Luc ARNAL, Institut de l’Audition, Institut Pasteur, INSERM-UA06, Équipe Cognition et communication auditive
"The sound of salience: how rough sounds hijack exogenous attentional systems"
Abstract : Communication signals such as speech or music, are complex signals that exploit a large variety of acoustic features to trigger specific emotional and behavioral responses in the listener. However, the way we use some acoustic features to manipulate listeners’ affective states and reactions remains mysterious. Hypothesizing that acoustic niches (or attributes such as roughness, pitch, etc.) are naturally selected to carry specific information (danger, gender, etc.) as a function of the fitness of the stimulus and inducible reactions to promote survival, I recently showed that alarm signals (e.g. screams, sirens, but not neutral sounds like speech) exploit a restricted acoustic regime, known as roughness 14. This feature is devoted to communicate danger, enhance negative affective responses and elicit faster reactions.

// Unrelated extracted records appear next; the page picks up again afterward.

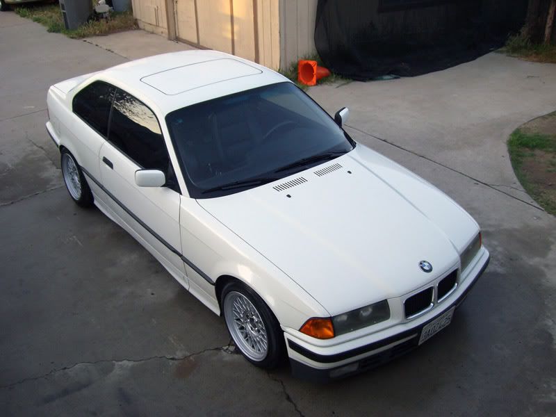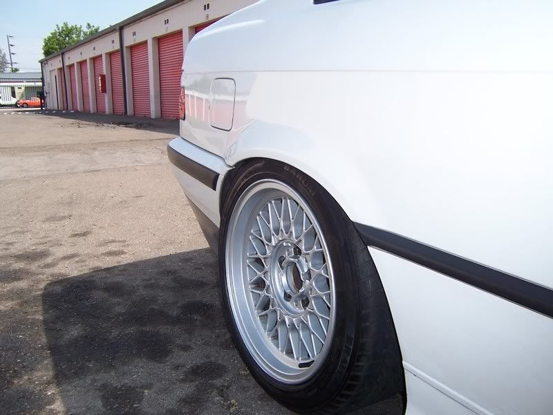 Depending on your suspension you can fit these on your E36. My car was very low and I managed to run 205/50/16 without any problems. 215-225 is possible with minor fender rolling. They have some curb rash but nothing crazy.
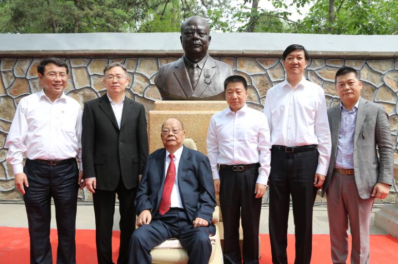 左起:北京市海淀區委書記于軍、國務院港澳辦副主任宋哲、曾憲梓博士、航天英雄楊利偉、國家體育總局副局長高志丹、全國政協委員、金利來集團主席曾智明在圓明園曾憲梓先生雕像揭幕儀式上合影。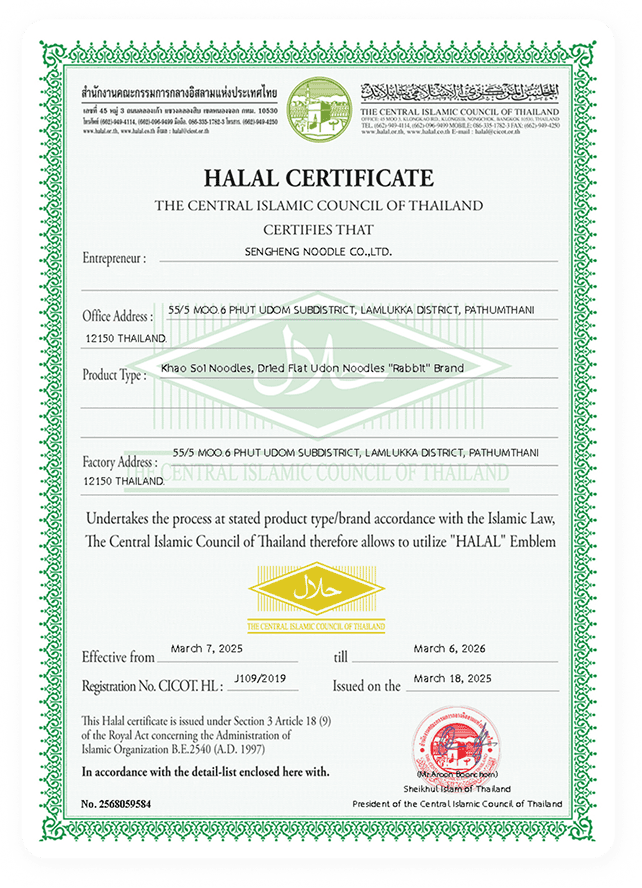 Sengheng Noodle Halal Certificate

Although they are scarcely present in the natural environment, rough sounds have considerable effects on perceptual, emotional and behavioral responses. Fast repetitive inputs such as strobe lights, phone vibrators or rough alarm signals induce temporally salient, annoying percepts that efficiently capture attention, even at low signal-to-noise ratio. These sounds are almost impossible to ignore or suppress perceptually, and long-term exposure to rough sounds like screams causes tremendous stress in the listener’s brain 17, sometimes leading to maladaptive reactions (e.g. shaken baby syndrome).
Here, I will describe the neural underpinning of roughness in the human brain to illuminate how these sounds take over the control of our salience system by forcing exogenous attention in time. Measuring neural responses to click trains of varying rates during intracranial recordings in eleven epileptic patients 21, I show that sounds in the roughness [30–80 Hz] range are maximally aversive by synchronizing a widespread network of subcortical and cortico-limbic regions belonging to the Salience System. In a subsequent EEG experiment, I show that aversive and electrophysiological responses to rough sounds reliably probe this system and predict inter-individual anxiety. I will argue that these results are compatible with the notion that rough sounds target the Salience System via a primitive, non-classical subcortical system involved in sensory salience and arousal.